--- START ---
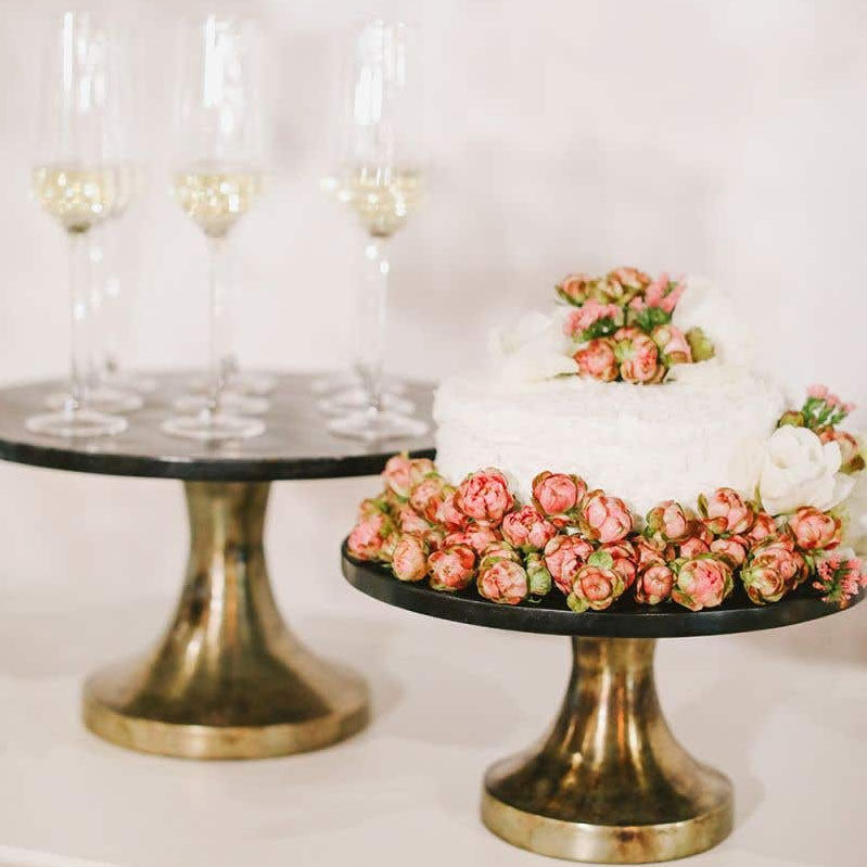 Add timeless elegance to your gatherings with this spectacular marble cake stand. Black marble and antique gold-finished metal combine to add just the right amount of glam to both traditional and contemporary settings. Please expect variations and minor imperfections due to the use of natural marble and hand finishing.
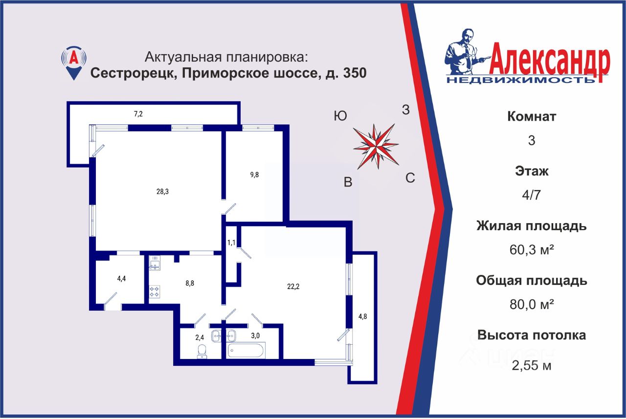 1700655 В прямой продаже большая 3-х комнатная квартира в 100 метрах от пляжа и ресторана '' Тайм Аут''. Гостиная (28 кв.м)с 3-мя окнами и выходом на лоджию, спальня 22 (кв.м) с лоджией, детская комната 10 (кв.м), кухня 9 (кв.м). Раздельный санузел.
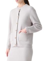 يُضفي كارديجان أكريس المحبوك المصنوع من البيكيه الناعم من الكشمير لمسة جمالية على شكل صندوقي مع تقليم مضلع أنيق وجيوب مرقعة ساحرة. تتميز هذه القطعة ذات الأزرار الأمامية بياقة مستديرة مناسبة لكل الأوقات وأكمام طويلة.
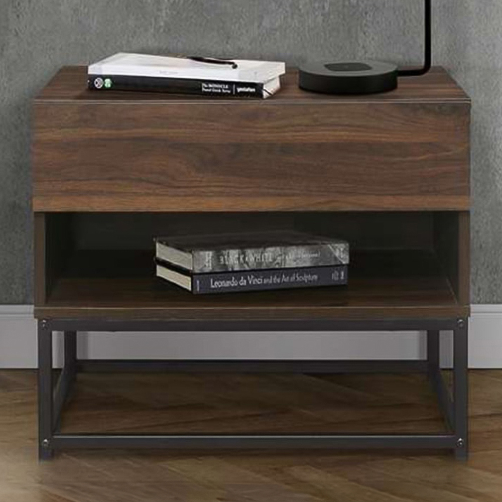 Elevate your bedroom's aesthetic with the Houston Bedside Table. Its metal frame, accented with walnut-effect details and a wood-effect finish, creates a distinctive, modern look inspired by contemporary architecture. A single drawer and internal shelf provide ample space for bed sheets and other night essentials, keeping your nightstand organized. The durable metal frame ensures lasting quality, while a simple wipe with a soft, dry cloth maintains its elegant shine. This bedside table adds a touch of sophisticated style to any bedroom setting.
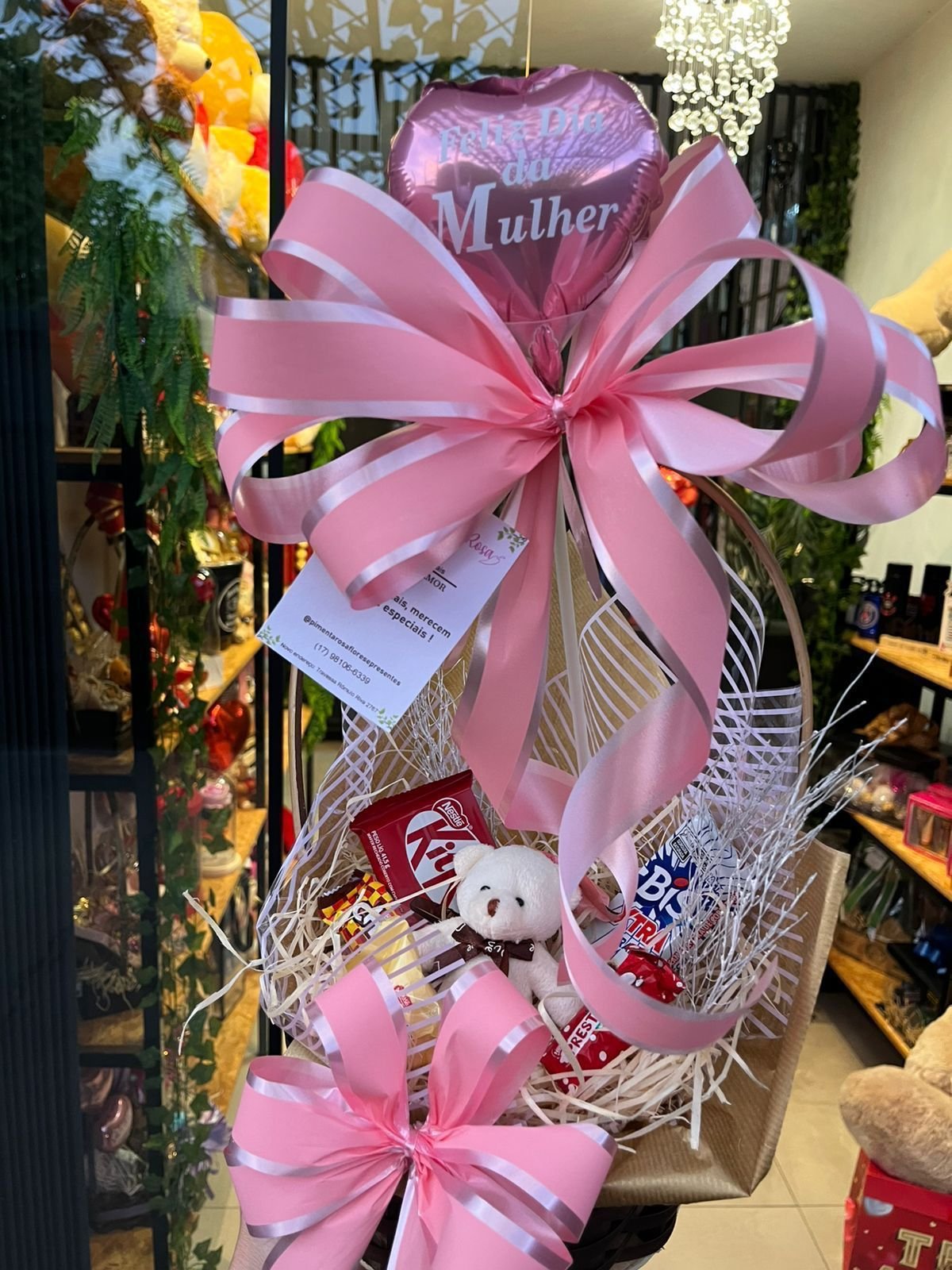 Esta cesta contém: Chocolates variados, mini pelúcia e balão grande.
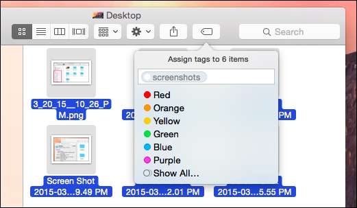 Vi skal velge filene, seks i alt, og klikke på Tagger-knappen på Finder-verktøylinjen. Herfra vises en meny. Det er alle standardkodene. For å legge til en "skjermbilder" -kode, skriver vi den inn og trykker "Enter".
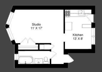 Studio, 317 sq. ft. - Floorplan 1 Studio, 378 sq. ft.
--- END ---
**Required work**
Reproduce exactly, and only, the lines from the one containing "Vi skal velge" through the last line of the records above, both included, leaving out any pictures.

**Reply**
 Vi skal velge filene, seks i alt, og klikke på Tagger-knappen på Finder-verktøylinjen. Herfra vises en meny. Det er alle standardkodene. For å legge til en "skjermbilder" -kode, skriver vi den inn og trykker "Enter".
 Studio, 317 sq. ft. - Floorplan 1 Studio, 378 sq. ft.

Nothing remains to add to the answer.